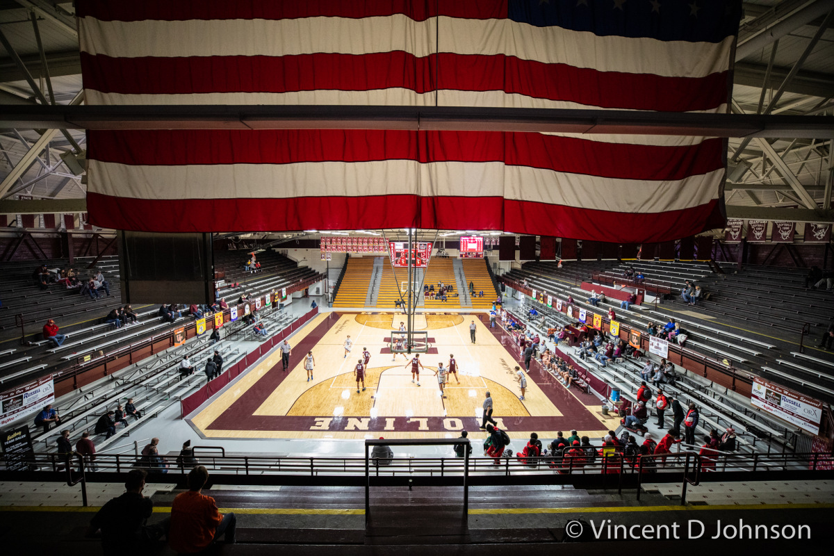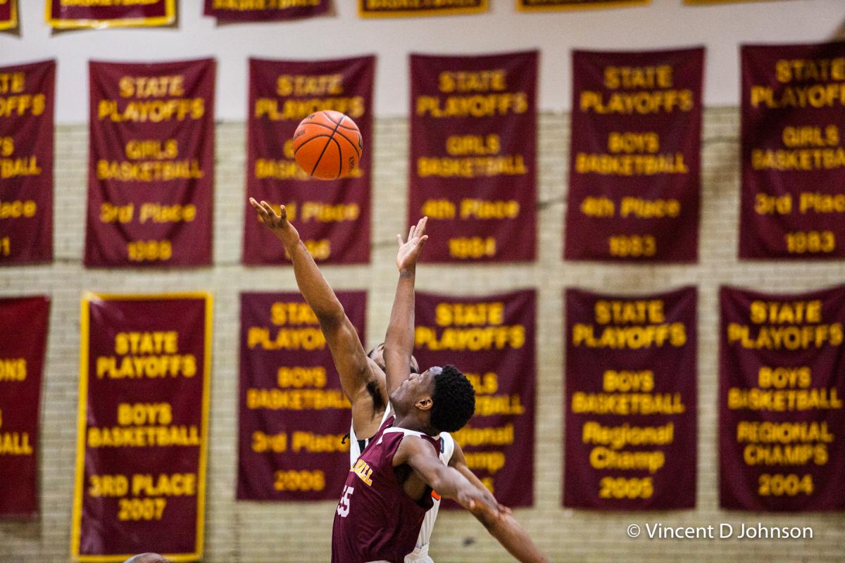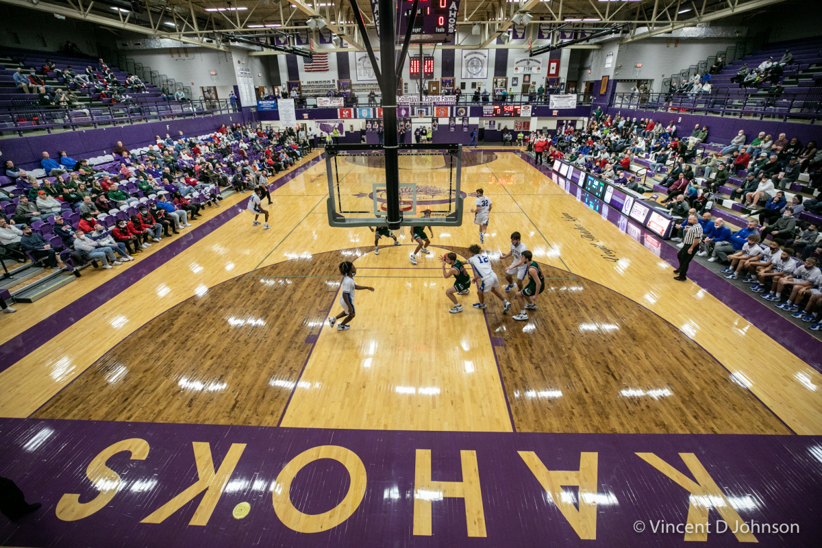 Caption: From the photo series Illinois' Best High School Hardwood & Hoops, featuring an Illinois varsity high school boys basketball game between Rock Ridge and Limestone, at The Wharton Field House in Moline on Jan. 15, 2022. (photo by Vincent D. Johnson)
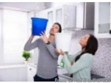 Con cubetas para las goteras?
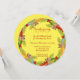 Une invitation de Thanksgiving ronde charmante, cet article présente un fond jaune avec une couronne rouge et dorée avec "Bénédiction de Thanksgiving" au centre en rouge et or. Il y a des modèles sous le design pour insérer vos informations. La police est rouge. Personnalisez facilement la police et la couleur de fond. C'est une façon merveilleuse d'inviter la famille et les amis au dîner de Thanksgiving.

→ **WHAT IS NEEDED**:
Put down exactly the lines of the data above that run from its first line through the line bearing "Con cubetas para las goteras?", and no pictures.

→ **TASK RESPONSE**:
 Caption: From the photo series Illinois' Best High School Hardwood & Hoops, featuring an Illinois varsity high school boys basketball game between Rock Ridge and Limestone, at The Wharton Field House in Moline on Jan. 15, 2022. (photo by Vincent D. Johnson)
 Con cubetas para las goteras?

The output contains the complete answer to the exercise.